District Court of Appeal of Florida, Fourth District
Apr 6, 1983
429 So. 2d 71 (Fla. Dist. Ct. App. 1983)

Opinion

No. 82-230.

April 6, 1983.

Appeal from the Circuit Court, Palm Beach County, R. William Rutter, Jr., J.

Louis R. McBane and Michael A. Slivka of O'Connell, Cooper, Parrish McBane, P.A., West Palm Beach, for appellant.

B.F. Paty, Jr., of Paty, Downey, Lewis Fick, Palm Beach, for appellee.


This is an appeal from a final judgment of the trial court awarding a real estate broker damages in the full amount of his commission by reason of the owner's breach of the commission contract. The property owner, Harry Ward, has raised four issues on appeal, all directed to the sufficiency of the evidence to support the findings of the trial court. We affirm.

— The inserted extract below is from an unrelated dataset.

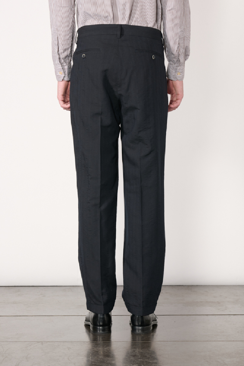Navy suit trousers made from a wool and viscose blend with a subtle striped weave, from the Barena brand.

Ward entered into a written exclusive right of sale agreement with real estate broker James R. Branch in April, 1980. The agreement was for a term of one year. Ward promised to pay a commission of ten percent of the selling price upon Branch's "finding a purchaser" for the property. The consideration promised by Branch was his diligent promotion of the property for sale. The agreement granted Branch "the exclusive right and authority to sell the property" at the price and on the terms specified in the contract or at any other price or terms acceptable to Ward.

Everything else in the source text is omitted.